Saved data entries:
# # #
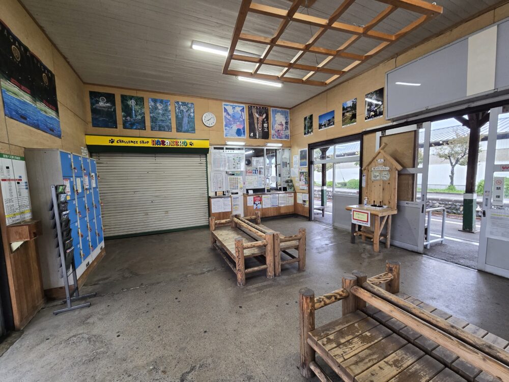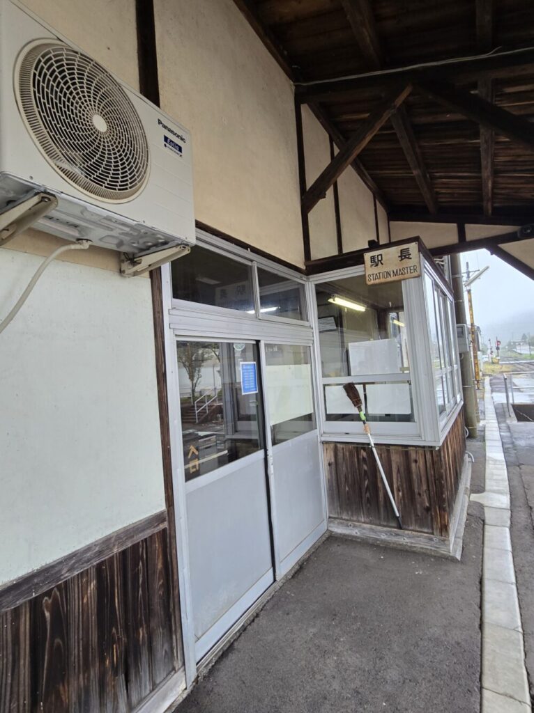 古めの駅長室の文字に見送られ、二日目の旅のスタートだある
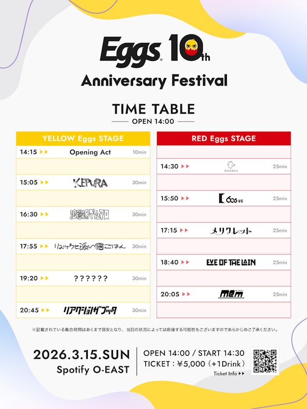 その他詳細は「Eggs 10th Anniversary Festival」イベントページにてご確認ください。
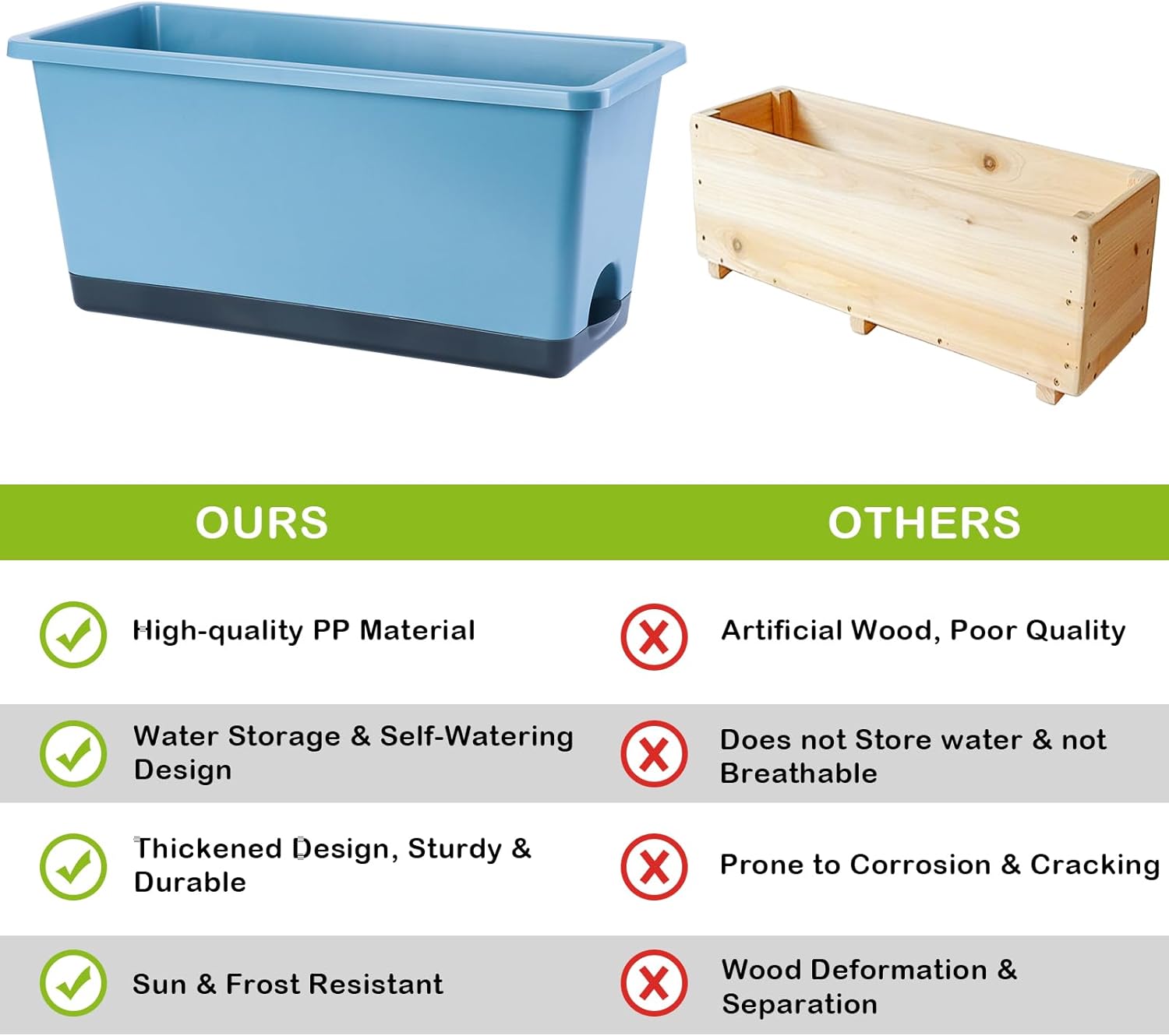 - 【Premium & Durable】The planter pots are made of high quality PP material and has been thickened to bear up to 300KG (660LB). This window box planter is sturdy, wear-resistant and durable. It can be exposed to light, wind, and sunlight for long periods of time, with a lifespan of decades. It is an excellent planter box for both indoor and outdoor.
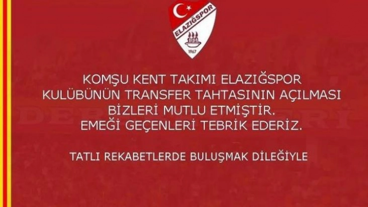 Elazığspor’un iki buçuk yıl sonra transfer tahtasını açması Elazığlı futbolseverler gibi ezeli rakibi Malatyaspor taraftarlarını da mutlu etti.
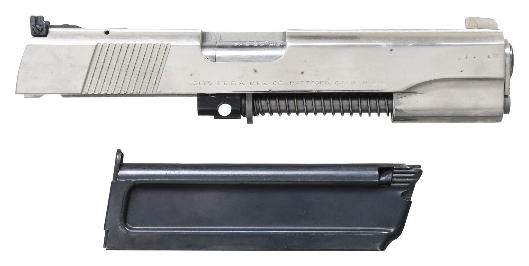 Post-war Colt 1911 22 LR conversion kit. Conversion kit includes nickel slide with blued Accro adjustable rear sight, nickel front sight, guide rod, bbl., nickel bushing, recoil spring assembly, blued 10 rd. mag & factory box. CONDITION: slide & bbl. retain 95% nickel with scattered light oxidation & edge wear. Very good bore with strong rifling. (02-24311/MJC). $200-400.
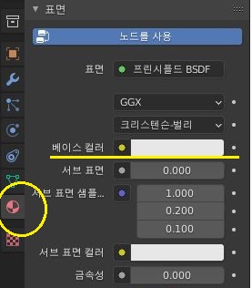 이번에는 위 스크린샷을 보시는 것처럼 표면을 가지고서 이야기 할 수 있는 메뉴에 들어가 보았습니다. 여기서 베이스 컬러를 한번 변경해 보도록 합니다.
# # #
* Work instructions
Where a record above holds a picture, drop the picture and print the rest exactly.

* Written response
 古めの駅長室の文字に見送られ、二日目の旅のスタートだある
 その他詳細は「Eggs 10th Anniversary Festival」イベントページにてご確認ください。
 - 【Premium & Durable】The planter pots are made of high quality PP material and has been thickened to bear up to 300KG (660LB). This window box planter is sturdy, wear-resistant and durable. It can be exposed to light, wind, and sunlight for long periods of time, with a lifespan of decades. It is an excellent planter box for both indoor and outdoor.
 Elazığspor’un iki buçuk yıl sonra transfer tahtasını açması Elazığlı futbolseverler gibi ezeli rakibi Malatyaspor taraftarlarını da mutlu etti.
 Post-war Colt 1911 22 LR conversion kit. Conversion kit includes nickel slide with blued Accro adjustable rear sight, nickel front sight, guide rod, bbl., nickel bushing, recoil spring assembly, blued 10 rd. mag & factory box. CONDITION: slide & bbl. retain 95% nickel with scattered light oxidation & edge wear. Very good bore with strong rifling. (02-24311/MJC). $200-400.
 이번에는 위 스크린샷을 보시는 것처럼 표면을 가지고서 이야기 할 수 있는 메뉴에 들어가 보았습니다. 여기서 베이스 컬러를 한번 변경해 보도록 합니다.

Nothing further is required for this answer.